A second Trump presidency would throw some traditional foreign policies into disarray, and beckons a dictatorship at home
A growing divide in US foreign policy circles signals a significant shift in America’s global role and challenges the liberal world order long championed by the US foreign policy establishment. This rift pits proponents of the traditional post-1945 US-led imperial-internationalist system of multilateral institutions and globalization against those favouring a rival imperial strategy based on “vital” interests. The latter represents a more transactional, weaponized bilateral approach, especially in international economic and trade relations, but also in regard to military interventionism for “humanitarian” or other purportedly “idealist” purposes. But make no mistake, US globalism is merely recalibrating, not fundamentally transforming, remaining a coercive superstate bent on primacy.

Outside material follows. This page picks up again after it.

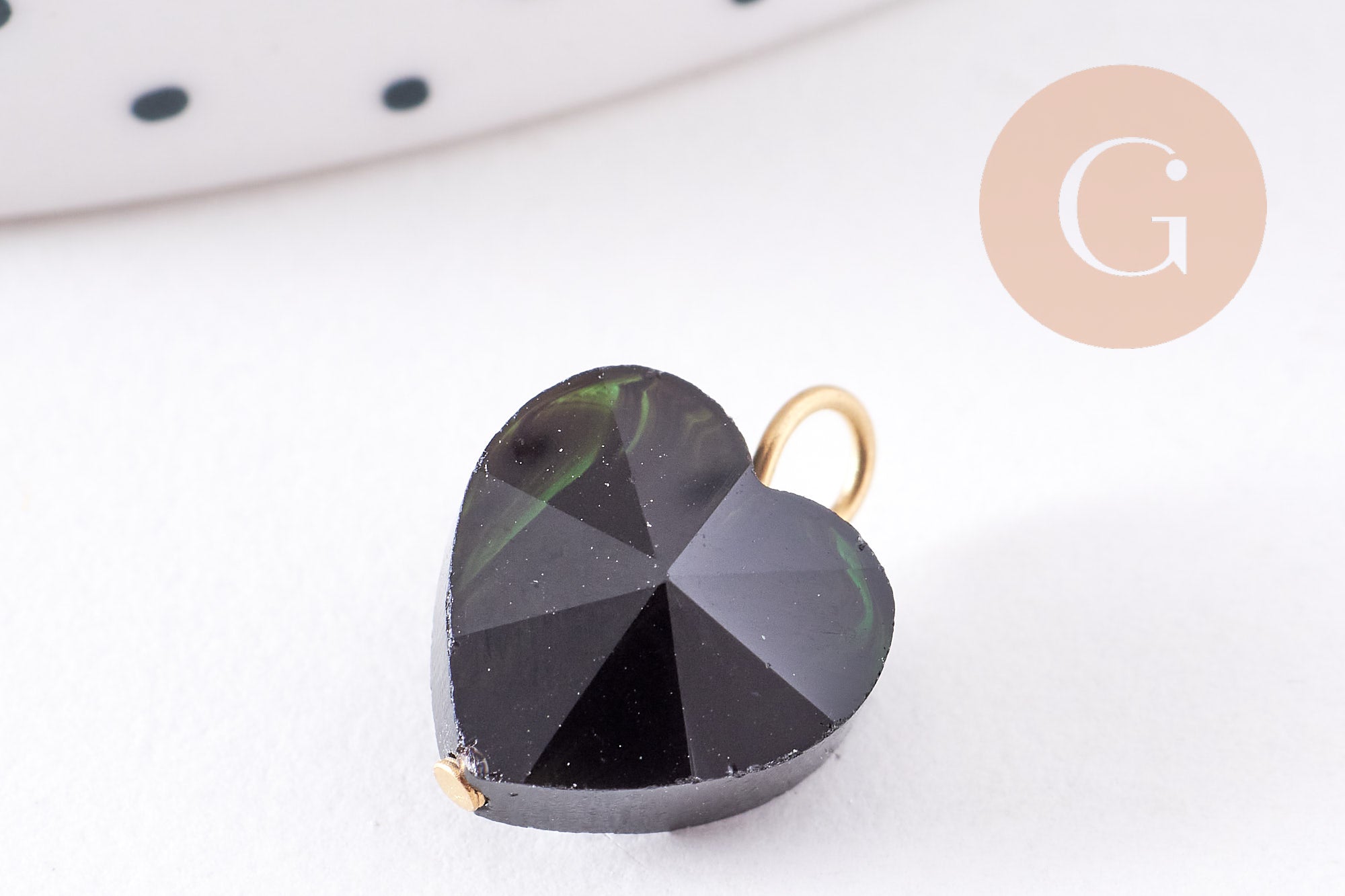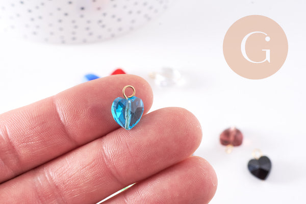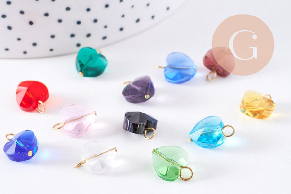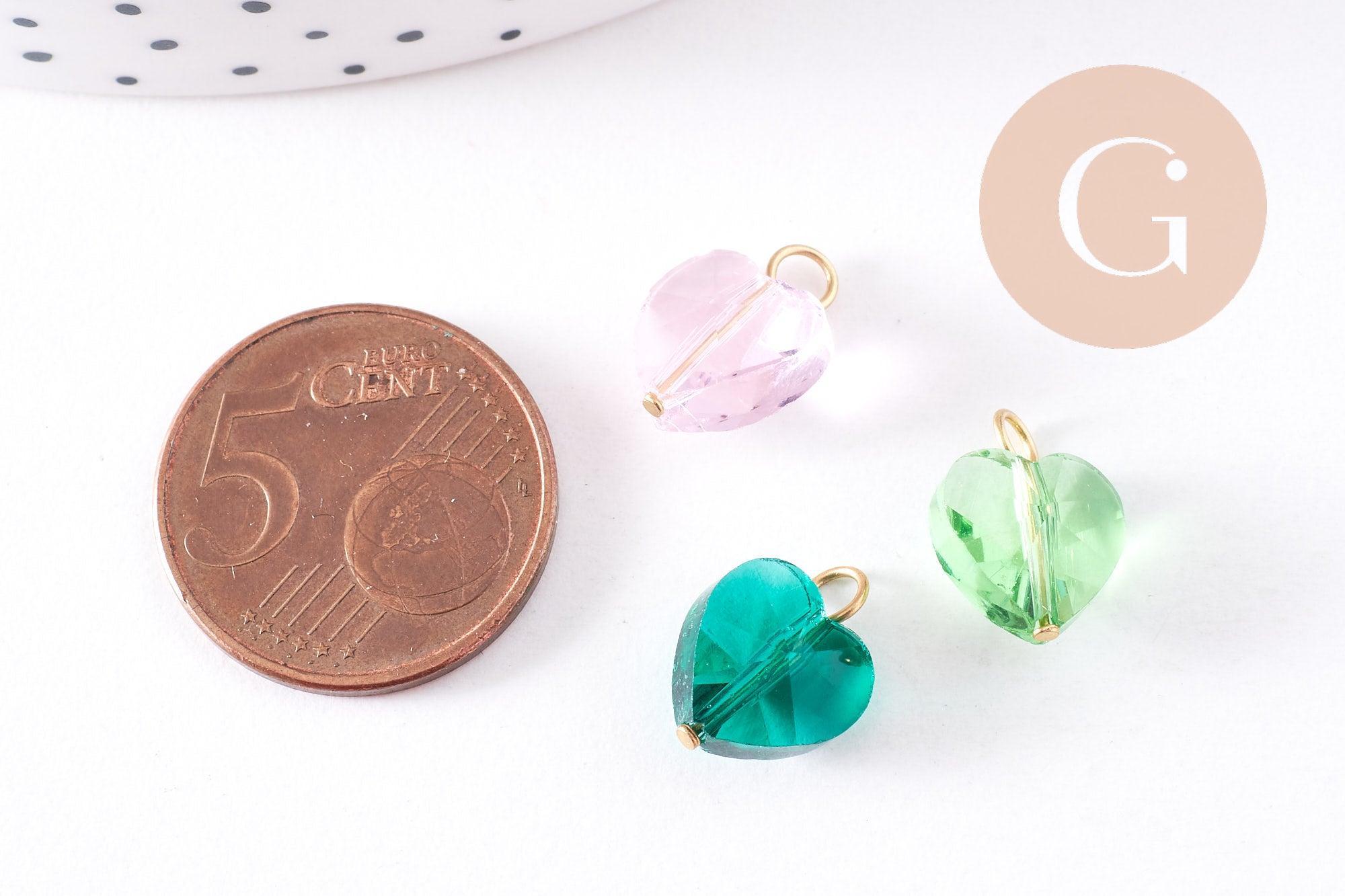 Colgante de corazón de cristal facetado de colores en acero inoxidable 304 dorado de 14 mm, x1 (G10710)

This global coercive strategy has its domestic counterpart: dictatorship. At home, Trump has declared he would be a dictator on the first day – abolish all regulation of fossil fuel corporations and deport millions of illegal immigrants. More recently, Trump promised Christian evangelicals that if they vote for him in November, they need
never vote again. Trump’s fingerprints are all over the Heritage Foundation’s Project 2025 which promises to invoke laws to bring troops onto US streets to repress democratic rights to protest, to give the president complete control over executive agencies by dismissing thousands of career civil servants in favour of his political appointees, curtail the rights of workers and trade unions, and diminish checks and balances that have been the mainstay of the US constitution since 1787. That is, an even more coercive state wedded to naked corporate interests. On top of that, the US Supreme Court recently ruled that a former president is presumed to be exempt from legal actions taken in their official capacity.